Change the sign of each term, so that the $x^2$ term is positive:

$2x^2+2x-3=0$

You cannot factor this equation, so, solve the equation by quadratic formula:

$x=\dfrac{-b\pm \sqrt{b^2-4ac}}{2a}$

$a=2; b=2; c =-3$

$x=\dfrac{-2\pm \sqrt{2^2-4\cdot 2 (-3)}}{2\cdot 2}$

$x=\dfrac{-2\pm \sqrt{4+24}}{4}$

$x=\dfrac{-2\pm \sqrt{28}}{4}$

$x=\dfrac{-2\pm 5.2915}{4}$

$x=\dfrac{-2+ 5.2915}{4}$ or $x=\dfrac{-2- 5.2915}{4}$

$x=0.823$ or $x=-1.823$

These are the $x$-intercepts.

As ordered pairs:

$(0.823,0)$ and $(-1.823, 0)$

(e).

To find the $y$-intercept, put $x=0$ and find $y$:

$y=f(0)=-2\cdot 0^2-2\cdot 0+3=3$

As an ordered pair, the $y$-intercept is $(0, 3)$.

(f).

Graph:

parabola

27.  A club swimming pool is 30 feet long. The area of the pool is 1200 ft2. The club members want a paved walkway with uniform width around the pool. They have enough material to cover 296 ft2. How wide can the strip be?

Solution:

pool-figure

We are given that the area of the pool is 1200 ft2 and the length of the pool is 30 ft. From these, we can find the breadth of the pool:

$\textup{breadth}=\dfrac{\textup{Area}}{\textup{length}}=\dfrac{1200}{30}=40$ ft.
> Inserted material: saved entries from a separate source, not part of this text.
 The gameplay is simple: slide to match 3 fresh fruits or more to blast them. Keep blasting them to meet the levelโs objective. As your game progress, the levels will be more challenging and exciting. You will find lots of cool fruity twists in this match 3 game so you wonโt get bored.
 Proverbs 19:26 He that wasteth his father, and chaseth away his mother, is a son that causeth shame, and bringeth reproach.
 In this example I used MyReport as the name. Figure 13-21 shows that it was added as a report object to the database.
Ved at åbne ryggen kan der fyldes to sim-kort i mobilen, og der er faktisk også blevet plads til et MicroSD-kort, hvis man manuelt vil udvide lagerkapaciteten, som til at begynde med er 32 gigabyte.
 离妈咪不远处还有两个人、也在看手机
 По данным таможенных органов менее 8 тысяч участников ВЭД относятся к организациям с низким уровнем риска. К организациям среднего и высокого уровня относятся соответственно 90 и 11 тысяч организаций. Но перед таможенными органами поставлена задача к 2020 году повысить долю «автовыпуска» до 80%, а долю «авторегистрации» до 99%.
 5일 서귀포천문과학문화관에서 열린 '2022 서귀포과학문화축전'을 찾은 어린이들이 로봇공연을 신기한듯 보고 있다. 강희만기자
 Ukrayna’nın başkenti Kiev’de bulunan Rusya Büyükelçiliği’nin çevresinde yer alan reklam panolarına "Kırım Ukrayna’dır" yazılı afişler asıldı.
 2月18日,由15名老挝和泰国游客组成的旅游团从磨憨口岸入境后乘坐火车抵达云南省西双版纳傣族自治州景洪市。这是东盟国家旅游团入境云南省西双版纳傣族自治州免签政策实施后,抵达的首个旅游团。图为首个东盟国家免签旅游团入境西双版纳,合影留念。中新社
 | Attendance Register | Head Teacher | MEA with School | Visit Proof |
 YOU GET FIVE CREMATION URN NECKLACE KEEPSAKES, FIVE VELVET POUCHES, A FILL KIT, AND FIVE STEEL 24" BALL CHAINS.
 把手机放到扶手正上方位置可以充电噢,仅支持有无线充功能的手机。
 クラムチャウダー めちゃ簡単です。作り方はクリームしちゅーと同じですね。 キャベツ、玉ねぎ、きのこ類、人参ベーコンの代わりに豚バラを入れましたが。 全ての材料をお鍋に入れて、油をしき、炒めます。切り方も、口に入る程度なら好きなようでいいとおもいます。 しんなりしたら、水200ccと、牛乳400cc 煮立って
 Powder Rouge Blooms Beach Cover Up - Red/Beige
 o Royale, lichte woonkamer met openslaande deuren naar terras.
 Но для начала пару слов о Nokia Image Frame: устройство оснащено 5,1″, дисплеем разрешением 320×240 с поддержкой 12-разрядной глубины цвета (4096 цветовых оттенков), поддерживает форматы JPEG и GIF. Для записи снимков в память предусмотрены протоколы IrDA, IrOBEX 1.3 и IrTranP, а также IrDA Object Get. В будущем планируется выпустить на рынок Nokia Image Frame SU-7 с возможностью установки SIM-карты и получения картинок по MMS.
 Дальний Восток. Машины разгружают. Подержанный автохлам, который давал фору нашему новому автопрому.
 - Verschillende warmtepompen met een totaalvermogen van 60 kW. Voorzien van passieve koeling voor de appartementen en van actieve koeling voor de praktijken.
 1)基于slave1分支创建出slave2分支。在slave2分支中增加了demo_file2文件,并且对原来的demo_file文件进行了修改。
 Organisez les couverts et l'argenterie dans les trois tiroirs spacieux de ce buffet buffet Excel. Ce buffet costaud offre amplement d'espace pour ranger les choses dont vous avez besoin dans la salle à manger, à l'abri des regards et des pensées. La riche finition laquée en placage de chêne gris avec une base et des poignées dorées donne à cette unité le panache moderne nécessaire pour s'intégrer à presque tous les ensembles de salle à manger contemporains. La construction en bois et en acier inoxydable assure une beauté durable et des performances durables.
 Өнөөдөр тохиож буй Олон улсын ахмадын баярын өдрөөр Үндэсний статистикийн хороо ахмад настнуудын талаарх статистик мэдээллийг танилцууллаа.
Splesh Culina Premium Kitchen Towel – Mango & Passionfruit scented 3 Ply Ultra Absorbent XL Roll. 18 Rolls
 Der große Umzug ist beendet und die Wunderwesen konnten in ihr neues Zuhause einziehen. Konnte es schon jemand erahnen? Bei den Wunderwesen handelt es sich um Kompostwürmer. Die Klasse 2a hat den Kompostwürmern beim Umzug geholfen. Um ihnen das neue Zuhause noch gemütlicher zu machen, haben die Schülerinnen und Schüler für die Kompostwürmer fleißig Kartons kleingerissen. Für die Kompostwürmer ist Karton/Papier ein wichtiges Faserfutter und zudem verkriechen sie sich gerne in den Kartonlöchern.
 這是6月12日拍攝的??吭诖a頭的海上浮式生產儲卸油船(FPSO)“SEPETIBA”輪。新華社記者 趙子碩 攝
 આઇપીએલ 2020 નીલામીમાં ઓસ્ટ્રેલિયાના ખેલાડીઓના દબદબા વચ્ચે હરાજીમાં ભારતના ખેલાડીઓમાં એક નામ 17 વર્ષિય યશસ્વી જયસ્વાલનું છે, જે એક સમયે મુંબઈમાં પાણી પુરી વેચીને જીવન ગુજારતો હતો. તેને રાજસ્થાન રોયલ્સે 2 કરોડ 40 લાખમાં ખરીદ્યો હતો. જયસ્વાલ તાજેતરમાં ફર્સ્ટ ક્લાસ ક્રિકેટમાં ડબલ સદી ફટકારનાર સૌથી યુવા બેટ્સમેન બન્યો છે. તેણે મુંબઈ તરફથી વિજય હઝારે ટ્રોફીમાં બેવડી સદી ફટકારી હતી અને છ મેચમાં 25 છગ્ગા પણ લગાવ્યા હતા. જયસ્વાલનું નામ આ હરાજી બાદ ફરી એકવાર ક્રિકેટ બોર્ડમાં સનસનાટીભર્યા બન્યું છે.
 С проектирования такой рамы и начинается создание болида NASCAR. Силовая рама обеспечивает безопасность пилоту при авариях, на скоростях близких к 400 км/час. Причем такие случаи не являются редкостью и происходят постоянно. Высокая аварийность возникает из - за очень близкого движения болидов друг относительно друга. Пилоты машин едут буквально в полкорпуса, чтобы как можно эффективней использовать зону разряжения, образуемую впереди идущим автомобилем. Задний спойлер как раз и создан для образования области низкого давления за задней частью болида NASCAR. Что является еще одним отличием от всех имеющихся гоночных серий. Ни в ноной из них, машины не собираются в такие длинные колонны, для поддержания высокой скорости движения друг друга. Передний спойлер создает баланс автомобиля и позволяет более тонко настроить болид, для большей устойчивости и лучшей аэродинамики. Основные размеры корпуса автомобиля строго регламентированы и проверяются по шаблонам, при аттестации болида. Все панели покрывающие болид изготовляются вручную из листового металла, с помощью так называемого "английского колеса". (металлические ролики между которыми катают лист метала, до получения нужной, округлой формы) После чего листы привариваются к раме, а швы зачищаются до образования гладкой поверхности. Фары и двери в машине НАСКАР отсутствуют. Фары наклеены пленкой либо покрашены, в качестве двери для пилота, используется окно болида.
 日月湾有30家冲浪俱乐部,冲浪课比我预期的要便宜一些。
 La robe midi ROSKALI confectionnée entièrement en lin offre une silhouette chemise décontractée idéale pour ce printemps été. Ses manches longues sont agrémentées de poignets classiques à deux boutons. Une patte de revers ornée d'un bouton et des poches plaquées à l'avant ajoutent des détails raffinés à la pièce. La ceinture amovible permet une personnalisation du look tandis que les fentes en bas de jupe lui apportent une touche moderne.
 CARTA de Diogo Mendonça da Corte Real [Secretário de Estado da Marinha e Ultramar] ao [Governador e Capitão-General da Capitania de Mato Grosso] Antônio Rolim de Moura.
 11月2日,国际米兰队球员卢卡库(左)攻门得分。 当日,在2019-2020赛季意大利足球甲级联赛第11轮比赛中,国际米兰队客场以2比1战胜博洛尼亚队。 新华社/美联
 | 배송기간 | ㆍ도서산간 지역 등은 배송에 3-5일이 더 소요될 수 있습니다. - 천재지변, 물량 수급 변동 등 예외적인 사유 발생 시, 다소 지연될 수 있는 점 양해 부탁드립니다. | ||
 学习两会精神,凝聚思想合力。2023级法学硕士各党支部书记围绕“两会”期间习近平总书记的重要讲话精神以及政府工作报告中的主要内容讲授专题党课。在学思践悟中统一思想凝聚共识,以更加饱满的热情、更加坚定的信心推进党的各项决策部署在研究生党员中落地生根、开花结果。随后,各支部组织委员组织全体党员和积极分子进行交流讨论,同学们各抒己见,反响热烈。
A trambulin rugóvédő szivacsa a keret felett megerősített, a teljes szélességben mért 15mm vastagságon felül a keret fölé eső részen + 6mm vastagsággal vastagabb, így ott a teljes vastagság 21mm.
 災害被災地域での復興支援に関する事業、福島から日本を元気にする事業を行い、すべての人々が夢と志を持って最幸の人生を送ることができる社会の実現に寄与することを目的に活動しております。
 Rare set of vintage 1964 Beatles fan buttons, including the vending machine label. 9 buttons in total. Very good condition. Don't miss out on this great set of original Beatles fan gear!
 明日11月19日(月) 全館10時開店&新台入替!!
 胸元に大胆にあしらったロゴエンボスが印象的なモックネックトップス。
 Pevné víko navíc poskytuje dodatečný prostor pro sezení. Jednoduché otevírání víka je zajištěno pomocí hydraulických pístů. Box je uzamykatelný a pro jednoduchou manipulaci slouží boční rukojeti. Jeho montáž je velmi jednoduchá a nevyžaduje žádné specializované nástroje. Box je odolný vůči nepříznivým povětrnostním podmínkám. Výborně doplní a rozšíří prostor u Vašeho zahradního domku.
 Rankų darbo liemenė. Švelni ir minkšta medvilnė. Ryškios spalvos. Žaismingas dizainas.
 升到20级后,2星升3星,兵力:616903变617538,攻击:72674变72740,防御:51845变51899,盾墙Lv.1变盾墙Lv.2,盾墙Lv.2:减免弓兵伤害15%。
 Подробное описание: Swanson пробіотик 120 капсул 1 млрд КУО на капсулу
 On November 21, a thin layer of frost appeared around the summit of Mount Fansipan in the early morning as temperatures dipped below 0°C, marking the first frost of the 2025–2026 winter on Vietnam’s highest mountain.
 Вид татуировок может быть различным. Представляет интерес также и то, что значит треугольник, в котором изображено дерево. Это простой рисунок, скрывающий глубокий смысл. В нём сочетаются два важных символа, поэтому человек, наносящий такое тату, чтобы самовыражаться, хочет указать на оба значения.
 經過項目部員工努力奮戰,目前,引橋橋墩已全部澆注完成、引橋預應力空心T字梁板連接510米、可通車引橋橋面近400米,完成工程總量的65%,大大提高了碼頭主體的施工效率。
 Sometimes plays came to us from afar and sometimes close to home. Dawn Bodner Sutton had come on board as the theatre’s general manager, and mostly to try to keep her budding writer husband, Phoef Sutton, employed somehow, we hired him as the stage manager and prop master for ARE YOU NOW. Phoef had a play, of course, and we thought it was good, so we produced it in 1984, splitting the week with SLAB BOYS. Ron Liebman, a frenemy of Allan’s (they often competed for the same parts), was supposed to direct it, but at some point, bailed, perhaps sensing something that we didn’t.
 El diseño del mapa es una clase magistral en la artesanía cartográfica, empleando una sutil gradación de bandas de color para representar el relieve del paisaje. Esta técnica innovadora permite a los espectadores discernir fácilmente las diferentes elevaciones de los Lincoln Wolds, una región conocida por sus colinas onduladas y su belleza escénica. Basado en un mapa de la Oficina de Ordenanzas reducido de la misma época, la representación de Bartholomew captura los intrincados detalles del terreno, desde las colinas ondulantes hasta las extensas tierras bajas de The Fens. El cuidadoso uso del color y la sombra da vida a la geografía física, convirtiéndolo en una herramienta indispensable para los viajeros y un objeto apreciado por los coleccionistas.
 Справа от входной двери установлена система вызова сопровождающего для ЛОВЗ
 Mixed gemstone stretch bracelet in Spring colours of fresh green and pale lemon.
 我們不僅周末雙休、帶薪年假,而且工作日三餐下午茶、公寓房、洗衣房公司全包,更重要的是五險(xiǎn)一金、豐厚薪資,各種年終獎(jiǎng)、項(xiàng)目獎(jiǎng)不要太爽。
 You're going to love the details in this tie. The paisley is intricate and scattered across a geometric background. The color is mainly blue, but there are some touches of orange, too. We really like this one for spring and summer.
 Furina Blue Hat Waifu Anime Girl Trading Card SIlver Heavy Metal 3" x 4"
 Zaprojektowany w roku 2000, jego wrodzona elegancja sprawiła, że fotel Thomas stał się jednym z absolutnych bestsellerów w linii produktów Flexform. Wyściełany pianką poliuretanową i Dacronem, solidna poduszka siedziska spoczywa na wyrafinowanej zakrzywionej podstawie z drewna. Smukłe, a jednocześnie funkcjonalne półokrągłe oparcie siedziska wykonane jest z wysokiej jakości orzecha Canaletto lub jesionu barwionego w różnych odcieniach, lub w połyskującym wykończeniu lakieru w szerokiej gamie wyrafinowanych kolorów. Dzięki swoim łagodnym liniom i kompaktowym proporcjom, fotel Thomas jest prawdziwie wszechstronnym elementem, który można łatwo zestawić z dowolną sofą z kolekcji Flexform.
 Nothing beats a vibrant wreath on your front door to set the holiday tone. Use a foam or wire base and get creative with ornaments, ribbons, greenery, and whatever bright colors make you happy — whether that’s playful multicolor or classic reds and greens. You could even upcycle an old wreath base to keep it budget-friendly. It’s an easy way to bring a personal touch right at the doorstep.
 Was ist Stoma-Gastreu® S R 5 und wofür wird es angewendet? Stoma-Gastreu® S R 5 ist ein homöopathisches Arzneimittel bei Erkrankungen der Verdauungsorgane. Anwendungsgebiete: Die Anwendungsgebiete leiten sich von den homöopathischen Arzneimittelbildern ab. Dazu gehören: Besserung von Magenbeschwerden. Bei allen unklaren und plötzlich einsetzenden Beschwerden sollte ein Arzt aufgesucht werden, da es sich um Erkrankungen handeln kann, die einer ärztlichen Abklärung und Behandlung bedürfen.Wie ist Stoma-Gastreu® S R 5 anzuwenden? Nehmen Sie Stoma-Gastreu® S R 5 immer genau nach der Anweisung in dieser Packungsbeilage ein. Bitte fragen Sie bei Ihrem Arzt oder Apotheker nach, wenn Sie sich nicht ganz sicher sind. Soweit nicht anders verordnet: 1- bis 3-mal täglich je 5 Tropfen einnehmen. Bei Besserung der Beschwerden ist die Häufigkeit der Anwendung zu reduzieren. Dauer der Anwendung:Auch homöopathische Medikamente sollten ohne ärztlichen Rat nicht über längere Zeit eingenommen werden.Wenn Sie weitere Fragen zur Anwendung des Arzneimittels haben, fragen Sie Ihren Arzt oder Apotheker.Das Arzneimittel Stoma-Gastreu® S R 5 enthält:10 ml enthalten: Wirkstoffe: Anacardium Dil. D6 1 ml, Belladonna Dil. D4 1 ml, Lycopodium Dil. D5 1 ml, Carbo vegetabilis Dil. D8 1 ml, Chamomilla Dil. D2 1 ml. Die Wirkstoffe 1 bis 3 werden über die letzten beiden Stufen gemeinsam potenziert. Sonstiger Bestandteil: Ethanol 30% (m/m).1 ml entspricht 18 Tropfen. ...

Let $x$ be the width of the walkway, which we need to find.

From the figure, the area of the walkway

$=$Total area of the pool and the walkway $-$Area of the pool

$=(40+2x)(30+2x)-1200$

$=1200+80x+60x+4x^2-1200$

$=140x+4x^2$

This area can be at most the available material, 296 ft2. So, for the maximum area,

$140x+4x^2=296$

This is a quadratic equation, move everything to one side and solve for $x$:

$4x^2+140x-296=0$

$4$ is the common factor, you can divide that out:

$x^2+35x-74=0$

Factor and solve this:

$(x+37)(x-2)=0$

$x=-37$ or $ x= 2$

$x$ is the width of the walkway that cannot be negative. So, the only solution is $x=2$.

So, the maximum width of the walkway is $2$ ft. Thus, the width can be 2 ft or smaller.